> _Dataset excerpt_:
=== Begin Enclosure ===
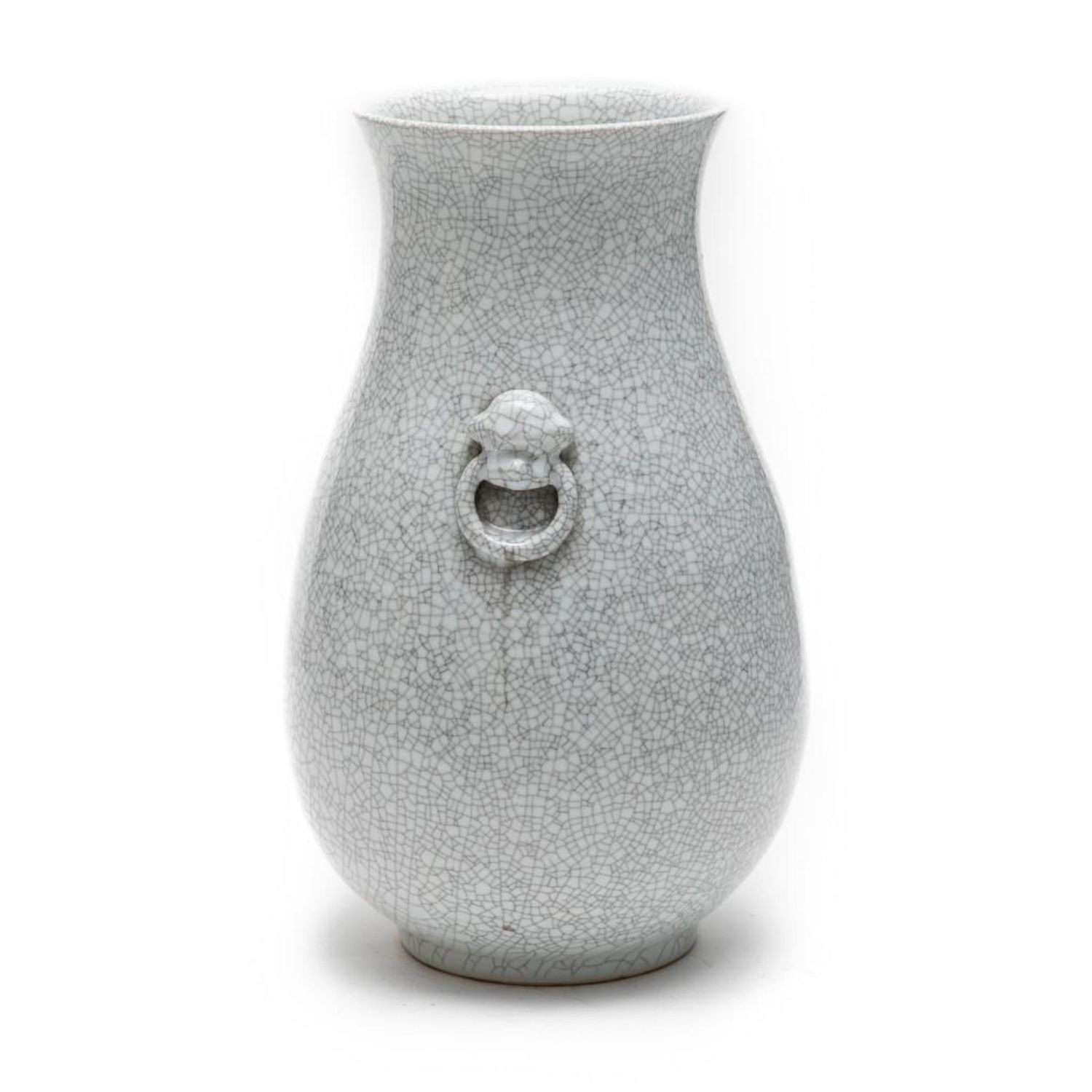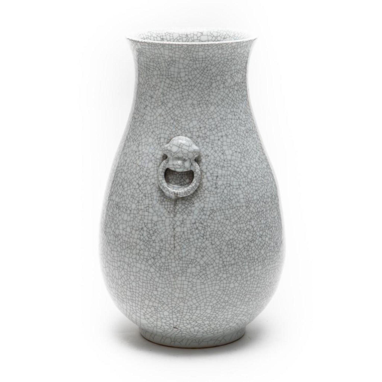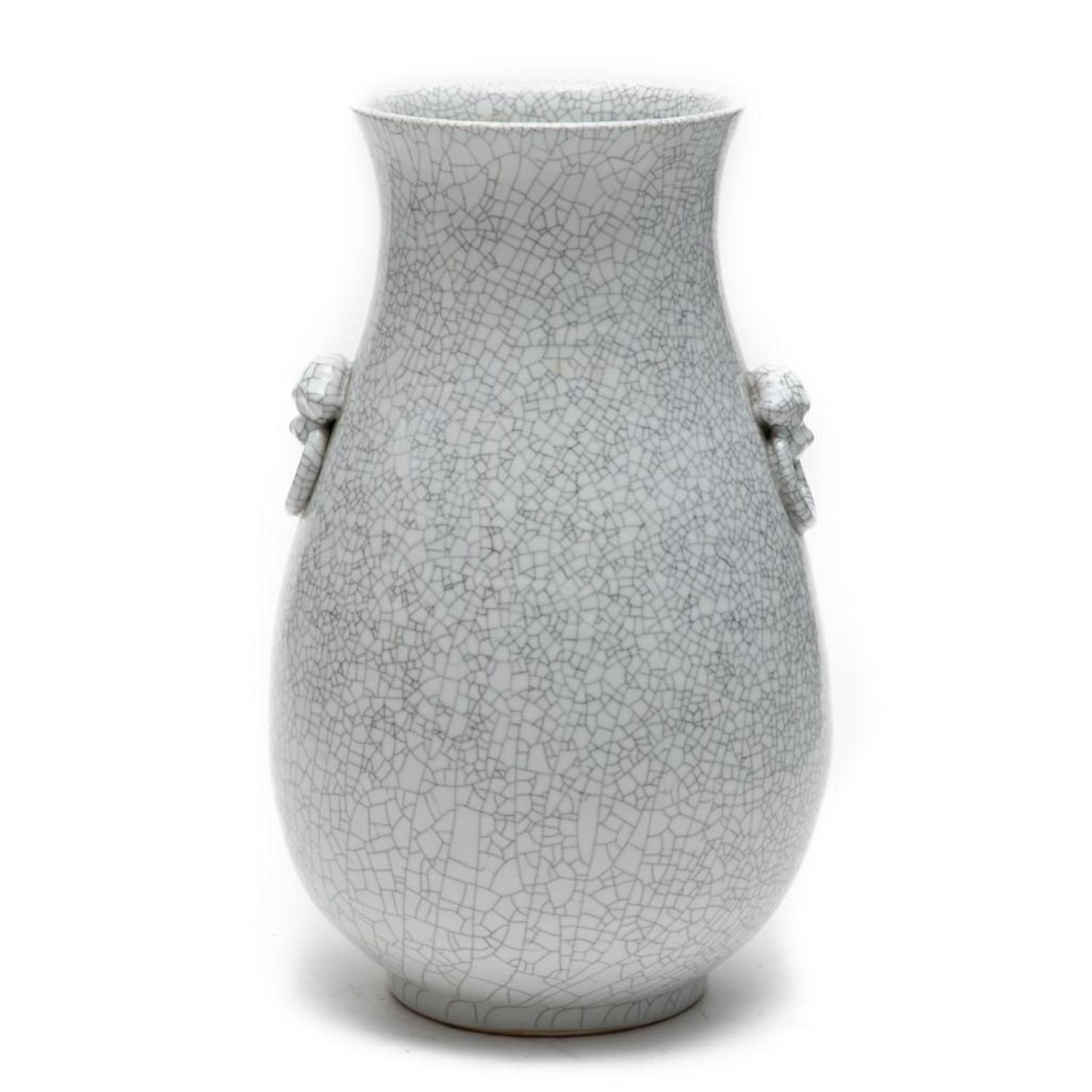 Vintage old tall Chinese crackle glazed hu form vase; 18 1/2" x 12" (approx.) Dating Chinese porcelain is beyond our skill set. overall good condition
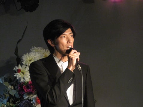 14日 9月 2013 9/11(水)唯文・高木椋太・牧澤友也・DAIJI 本日は『ROMEO』に変わりまして『LEON』でした。素敵な男性ゲストの甘い歌声のお客様はうっとりと耳を傾けていらっしゃいました。バラードが心地よく響く贅沢な夜でした。ピアノ演奏は大貫祐一郎さん。本日も甘い夜をありがとうございました。By:恵愛 座って歌う唯文さん tagPlaceholderカテゴリ: 13年9月
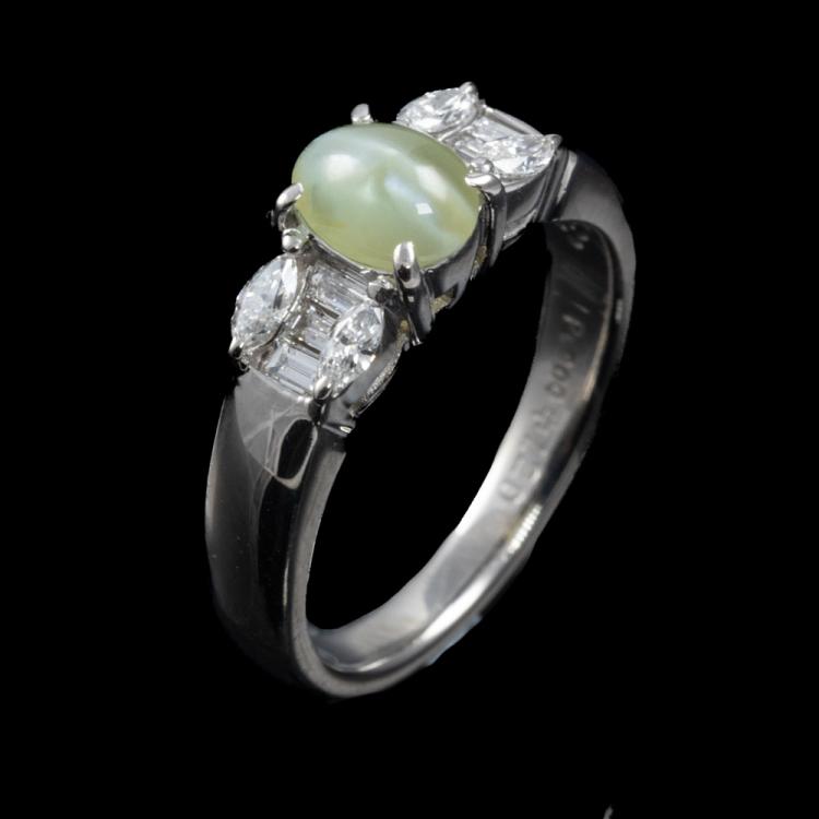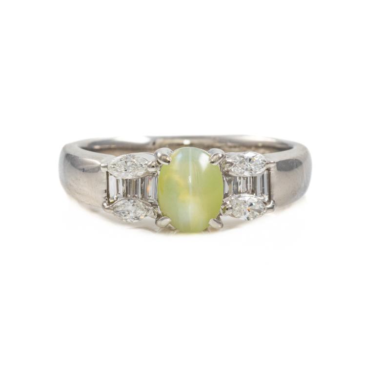 Chrysoberyl and Diamond ring with natural Chrysoberyl Cat's Eye of 1.20ct and natural round and marquise cut Diamonds totalling 0.36cts (Estimated grading: G-H SI). Platinum 900. Ring size L. Band width: 2.75mm - 4.0mm. Weight: 5.6g. (Pre-owned)
=== End Enclosure ===
> _What is needed_: In the listing, find the line containing "14日 9月 2013" and repeat it and every later line through the last one, word for word, excluding the pictures.

> _Response box_:
 14日 9月 2013 9/11(水)唯文・高木椋太・牧澤友也・DAIJI 本日は『ROMEO』に変わりまして『LEON』でした。素敵な男性ゲストの甘い歌声のお客様はうっとりと耳を傾けていらっしゃいました。バラードが心地よく響く贅沢な夜でした。ピアノ演奏は大貫祐一郎さん。本日も甘い夜をありがとうございました。By:恵愛 座って歌う唯文さん tagPlaceholderカテゴリ: 13年9月
 Chrysoberyl and Diamond ring with natural Chrysoberyl Cat's Eye of 1.20ct and natural round and marquise cut Diamonds totalling 0.36cts (Estimated grading: G-H SI). Platinum 900. Ring size L. Band width: 2.75mm - 4.0mm. Weight: 5.6g. (Pre-owned)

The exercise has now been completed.